In generale, come avete visto nella serie di articoli Narrativa fantastica, una rilettura politica, io sostengo la tesi che l’attuale, sfacciata preminenza quasi assoluta di cui gode oggi la narrativa anglosassone nel campo del fantastico e della fantascienza a livello mondiale, non è affatto dovuta a una maggiore propensione degli autori anglosassoni in questi campi, ma unicamente all’egemonia politica a livello planetario di una potenza di lingua inglese, gli Stati Uniti d’America.

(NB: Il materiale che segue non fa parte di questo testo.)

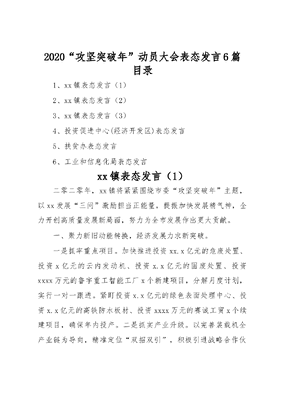 (6篇)“攻坚突破年”动员大会表态发言.docx

Per mostrarvi che ALTRI fantastici avevano potenzialità non dissimili, ho esaminato il fantastico germanico, poi quello italiano e quello francofono, e mi appresto a fare altrettanto con quello iberico e latino-americano (ma al riguardo vi ho già fatto l’esempio del grandissimo Jorge Luis Borges), nonché, più avanti, quello slavo-russo. Soprattutto la Russia che oggi con il pretesto della guerra in Ucraina, si vorrebbe cancellare dalla cultura europea.

Materialmente, a parte i testi di cui vi ho parlato, andati perduti nella formattazione che ho subito nel dicembre 2018, per caso mi è capitato di salvare alcune cose su una penna USB che mi è capitato di ritrovare ultimamente. Si tratta, ve lo dico subito, di ben poca cosa al confronto del materiale andato perduto.

Comincio da qualcosa che non è mio, un brano che avevo conservato come appunto per commentare. Voi ricorderete certamente che ho citato più volte un estratto di un’intervista che il filosofo Massimo Cacciari ha rilasciato al giornalista Maurizio Blondet, e che questi ha riportato nel suo libro Gli Adelphi della dissoluzione. Qui il filosofo evidenziava un concetto importante: l’etica antica, l’ethos precristiano era altra cosa dalla morale come la concepiscono i moderni, non implicava scelte individuali, si nasceva appartenenti a un ethos come si nasceva membri di una polis che era città, stato, Chiesa con le sue divinità.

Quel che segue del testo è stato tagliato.